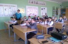 В день космонавтики учитель информатики Ясавиев Д.Р. провел открытый урок для 4 х классов на тему "Космос".
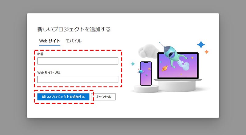 サイト名と URL を入力し、「新しいプロジェクトを追加する」をクリックします。
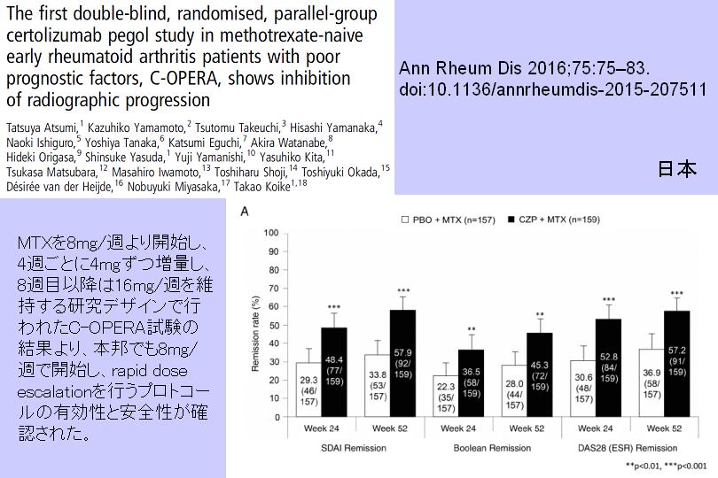 ちなみに、C-OPERA試験では8mg/週で経口投与を開始し、4週ごとに4mg増量し、治療開始8週後には最大用量の16mg/週まで増量するプロトコールが用いられました。
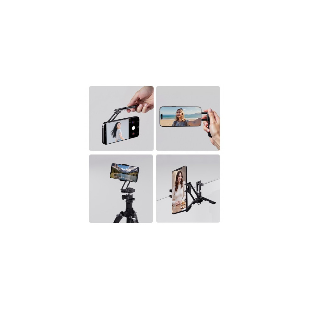Ulanzi SK29 je vybaven držákem na svorku, který pojme telefony o šířce 60 až 90 mm. Tento držák je ideální pro většinu moderních smartphonů a zajišťuje pevné a bezpečné uchycení vašeho zařízení. Díky kloubovému designu můžete telefon naklonit až o 210°, což vám umožní nastavit ideální úhel pro nahrávání videí, pořizování fotografií nebo sledování obrazovky.
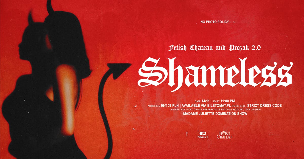 Powracamy z ostatnią w tym roku edycją 𝕾𝖍𝖆𝖒𝖊𝖑𝖊𝖘𝖘 w 2.0. Zamknięta, kultowa noc, na którą wejdziesz wyłącznie w klimacie 𝔣𝔢𝔱𝔦𝔰𝔥. Przeczytaj zasady wejścia lub zapytaj o nie w DM. Limit biletów: tylko 100 sztuk.
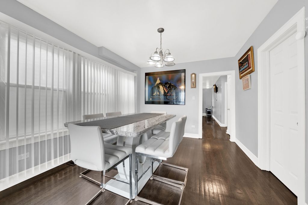 Beautiful bungalow offering 6 bedrooms and 3 full bathrooms, with one full bath conveniently located on each level. The main floor features hardwood floors and a formal dining room, creating a warm and inviting space for everyday living and entertaining. The updated kitchen includes new cabinets and granite countertops, with both gas and electric hookups available for the stove. This home also features three updated bathrooms and a full finished basement with additional bedrooms and a second kitchen, providing flexible living space. Thermal pane windows throughout help enhance comfort and efficiency. Enjoy outdoor living with a cement patio, a large deck, and two pergolas, perfect for relaxing or hosting gatherings. Additional highlights include a 2-car detached garage with door opener, along with a furnace and central air system approximately 5 years old. Move-in ready and conveniently located near parks, schools, shopping, and public transportation. Schedule your showing today!
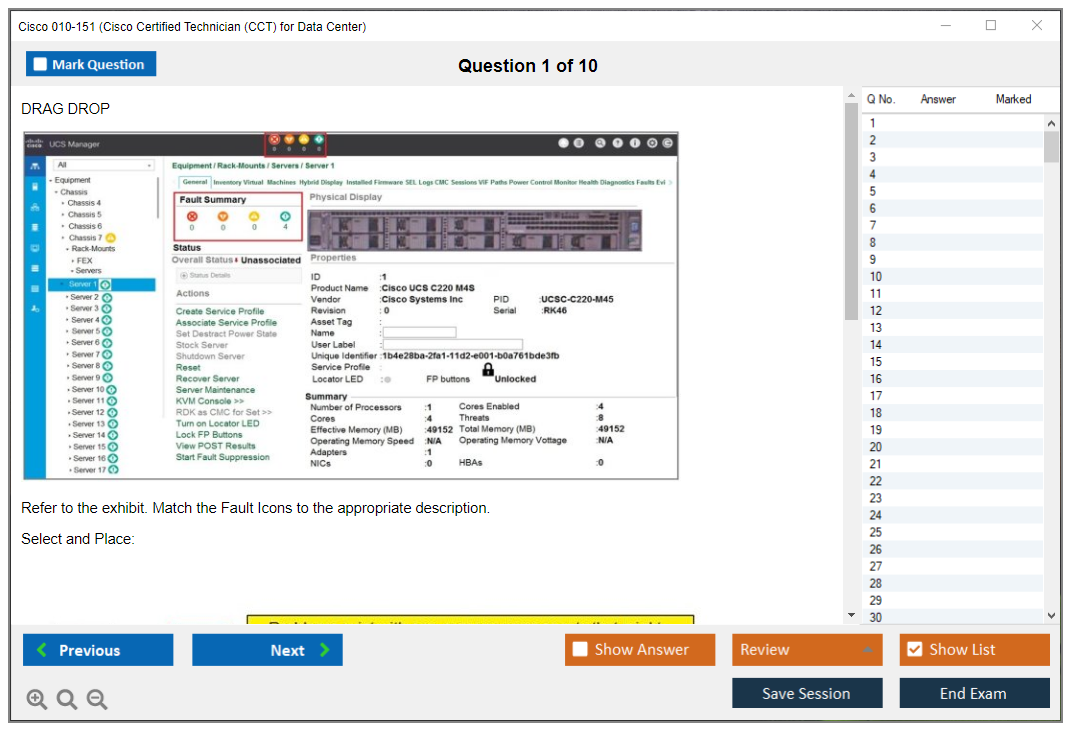 The question format of the Cisco 010-151 exam includes multiple-choice, drag-and-drop, and simulation questions.
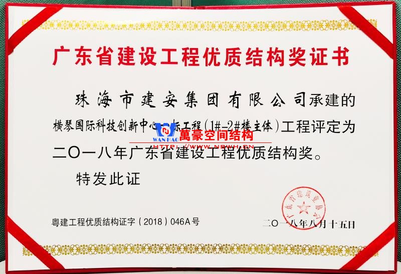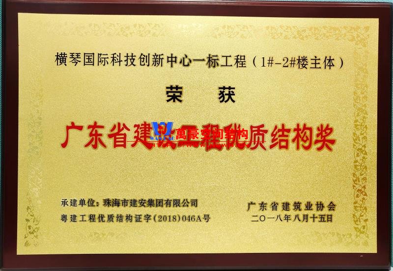 • 廣東橫琴工程優質結構獎 發證機構:
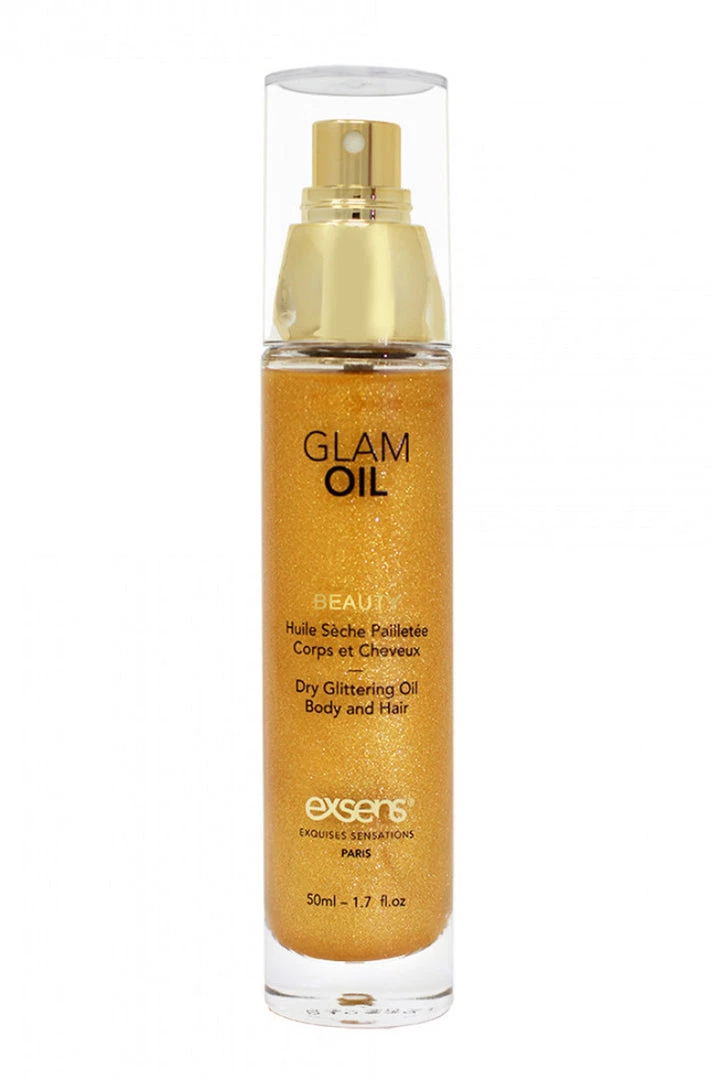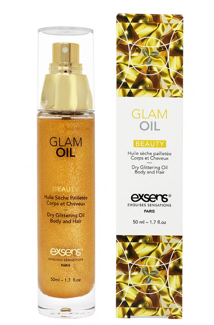Gold Glitter Glam Oil is a glittery body oil that nourishes and softens while giving the body and hair an alluring glow. Sweet almond oil provides a delicious scent. Great for all skin types, the illuminating and beautifying effect of this luscious oil will captivate with its sexy glow.
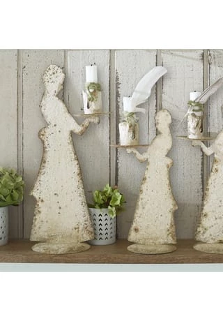 Stilvolles Shabby Chic-Trio. Aus Eisen mit Antik-Finish. Mit festem Sitz für Stabkerzen. Ist die Form dieser bezaubernden Kerzenständer der Silhouette einer Dame des 19. Jahrhunderts nachempfunden oder sind es die Umrisse einer Dienstmagd aus der Barockzeit? Sie sehen also: Das charmante Design ist nicht nur besonders stilvoll, sondern auch ein ausgezeichneter Konversationsstarter. Die unterschiedlich dimensionierten Kerzenständer sind aus hochwertigem Eisen gefertigt und mit einem aufwendigen Antik-Finish veredelt. Das ist quasi Shabby-Chic in Perfektion. Das Trio verleiht jedem Raum ein romantisches Vintage-Flair und auch einzeln platziert sind die Kerzenständer ein charmanter Blickfang.
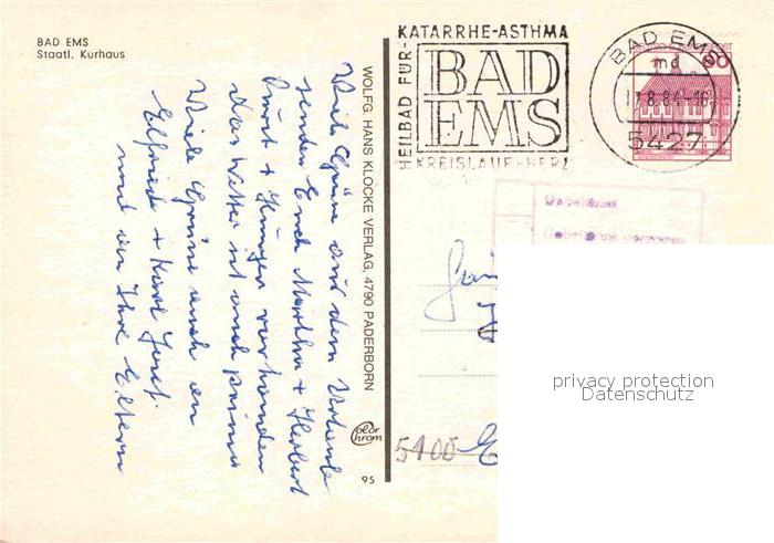 72725714 alte Postkarte Bad Ems Kurhaus postalisch gelaufen Erhaltung siehe scans [LiesaD40] KatCode: 11110007141006

What is expected:
Above are some records. Reproduce the lines from the one with "ちなみに、C-OPERA試験" down to the one with "Ulanzi SK29 je", keeping both, and leave every picture out.

Solution to this exercise:
 ちなみに、C-OPERA試験では8mg/週で経口投与を開始し、4週ごとに4mg増量し、治療開始8週後には最大用量の16mg/週まで増量するプロトコールが用いられました。
Ulanzi SK29 je vybaven držákem na svorku, který pojme telefony o šířce 60 až 90 mm. Tento držák je ideální pro většinu moderních smartphonů a zajišťuje pevné a bezpečné uchycení vašeho zařízení. Díky kloubovému designu můžete telefon naklonit až o 210°, což vám umožní nastavit ideální úhel pro nahrávání videí, pořizování fotografií nebo sledování obrazovky.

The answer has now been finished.